We’re in the process of refactoring our Terraform workspace to create multiple workspaces, so that every subsequent resource update or Terraform plan would impact only a fraction of the 10,000 resources.

However, what would you recommend in the short term to unblock this extremely slow (5-hour) Terraform plan? Does increasing CPU and memory, as specified in the discussion at err="rpc error: code = Unavailable desc = transport is closing" · Issue #16073 · hashicorp/terraform-provider-aws · GitHub, make sense, as we could see a similar error in our logs? Would decreasing the value of the parallelism flag (e.g., terraform plan -parallelism=5) be helpful as well? There’s also the possibility that this could slow down the rate of API requests. However, it might still be worth trying if resource constraints are the main bottleneck.
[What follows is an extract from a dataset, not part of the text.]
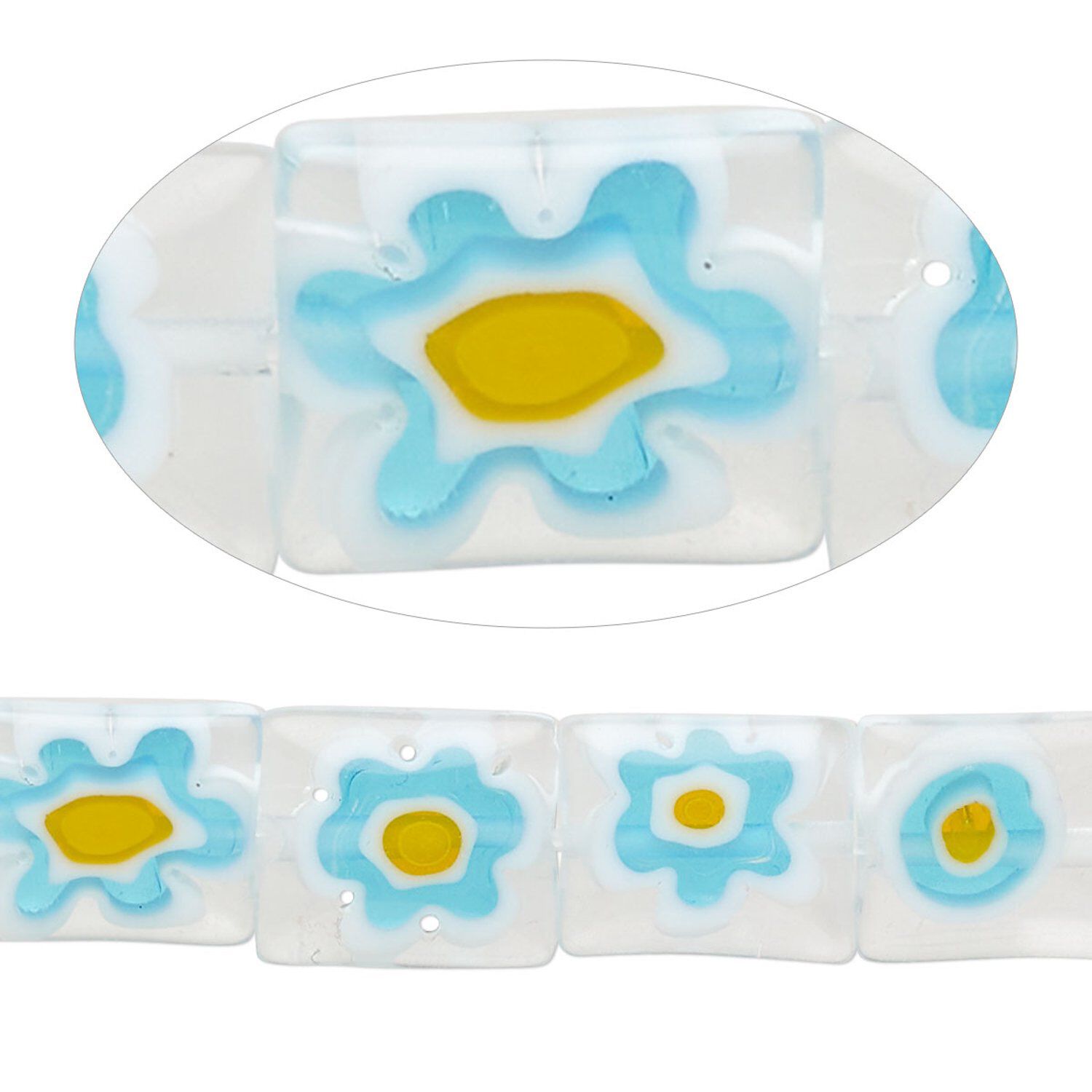 Bead, millefiori glass, translucent light blue / white / golden yellow, 12x10mm puffed rectangle with flower design. Sold per 14-inch strand.

Note: please find all pictures and links in the first comment, as I couldn’t attach them all here as a new user due to some restrictions.

References:

References:

Here’s an example of a “graph” message we can see:

[2025-07-16T21:57:51.956000] 2025-07-16T21:57:50.116Z [TRACE] Executing graph transform *terraform.OrphanResourceInstanceCountTransformer
[2025-07-16T21:57:51.956000] 2025-07-16T21:57:50.116Z [TRACE] Completed graph transform *terraform.OrphanResourceInstanceCountTransformer (no changes)
[2025-07-16T21:57:51.956000] 2025-07-16T21:57:50.116Z [TRACE] Executing graph transform *terraform.AttachStateTransformer
[2025-07-16T21:57:51.956000] 2025-07-16T21:57:50.116Z [TRACE] NodeAbstractResourceInstance.AttachResourceState for module.foo["bar"].confluent_kafka_acl.app_consumer
[2025-07-16T21:57:51.956000] 2025-07-16T21:57:50.116Z [TRACE] Completed graph transform *terraform.AttachStateTransformer (no changes)
[2025-07-16T21:57:51.956000] 2025-07-16T21:57:50.116Z [TRACE] Executing graph transform *terraform.TargetsTransformer
[2025-07-16T21:57:51.956000] 2025-07-16T21:57:50.116Z [TRACE] Completed graph transform *terraform.TargetsTransformer (no changes)
[2025-07-16T21:57:51.956000] 2025-07-16T21:57:50.116Z [TRACE] Executing graph transform *terraform.ReferenceTransformer
[2025-07-16T21:57:51.956000] 2025-07-16T21:57:50.116Z [DEBUG] ReferenceTransformer: "module.foo["bar"].confluent_kafka_acl.app_consumer" references: []
[2025-07-16T21:57:51.956000] 2025-07-16T21:57:50.116Z [TRACE] Completed graph transform *terraform.ReferenceTransformer (no changes)
[2025-07-16T21:57:51.956000] 2025-07-16T21:57:50.116Z [TRACE] Executing graph transform *terraform.RootTransformer
[2025-07-16T21:57:51.956000] 2025-07-16T21:57:50.116Z [TRACE] Completed graph transform *terraform.RootTransformer with new graph:
[2025-07-16T21:57:51.956000] "module.foo["bar"].confluent_kafka_acl.app_consumer" - *terraform.NodePlannableResourceInstance
[2025-07-16T21:57:51.956000] root - terraform.graphNodeRoot

Hi @linouk23,

It is certainly possible that Terraform is making all those calls in the 5-10 min bursts shown in the graph, while doing some other processing in between. While 10k resource instances on it’s own isn’t a necessarily problem if you are willing to wait for all the API calls required, it is very easy for that many resources in a configuration to create dependency graphs with millions of edges which take exponential time to process.

The graph messages you see aren’t really indicative of anything, the trace logging around graph building is very verbose (though less so in next release) so there will be lots of messages for lots of resources. You’ve also linked to some other random situations which caused Terraform to take more time than expected, but it’s not really possible to evaluate whether any of those apply here without some example to analyze.

The first thing I would try is to see if the latest build (terraform_1.13.0-beta1 right now) help at all. It includes some performance improvements specifically for large configurations. If you are using something older than v1.12 there are even more performance improvements you may be missing.